Chasing leads in the last few months, I began to feel like Columbo, the famed TV detective played by Peter Falk, whose trademarks include his rumpled raincoat, cigar, and catchphrase, “Just one more thing,” as he turns to ask a final, critical question that ultimately cracks the case. (Incidentally, Falk also happened to make art, as well!)

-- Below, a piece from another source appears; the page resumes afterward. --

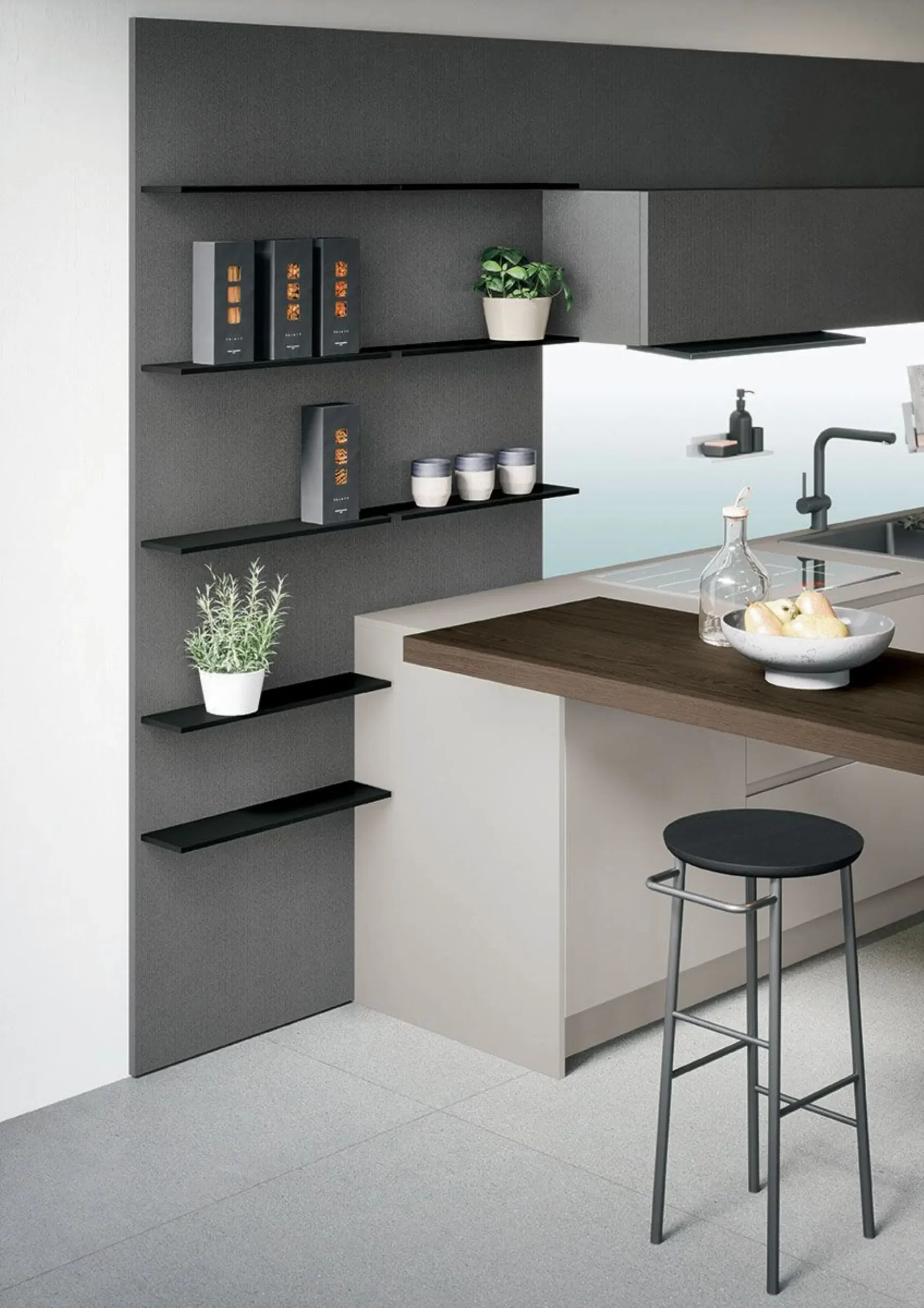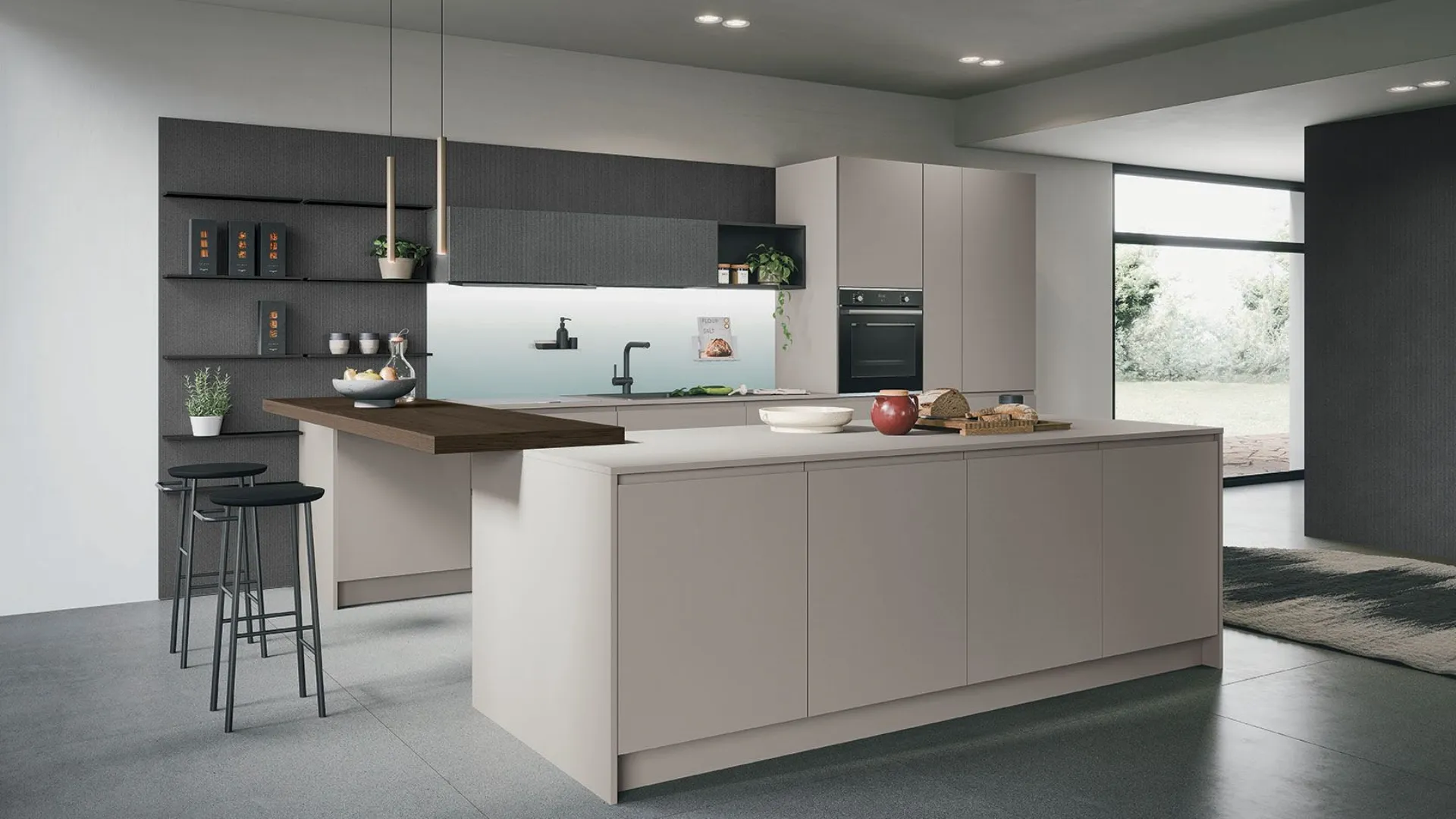 Cucina moderna Joy04 Forma pensata per la convivialità mescola funzionalità e armonia visiva con materiali ricercati e atmosfere accoglienti.

At the heart of the scandal is the Dynamic Art Museum/DART (if ever a name that would give rise to cause for concern!), founded in 2020 by one Pier Giulio Lanza. This is a “museum” based in Milan, with tentacles spanning half a dozen countries, boasting that it was the first museum to exhibit NFTs (not true) and that it “always shows new artworks,” eschewing a permanent collection. It seems it also has tens of millions of dollars of art that has been put up as collateral with upstart Art Lending, Inc., a 2019 offshoot of an alternative asset investment boutique, Shinnecock Partners.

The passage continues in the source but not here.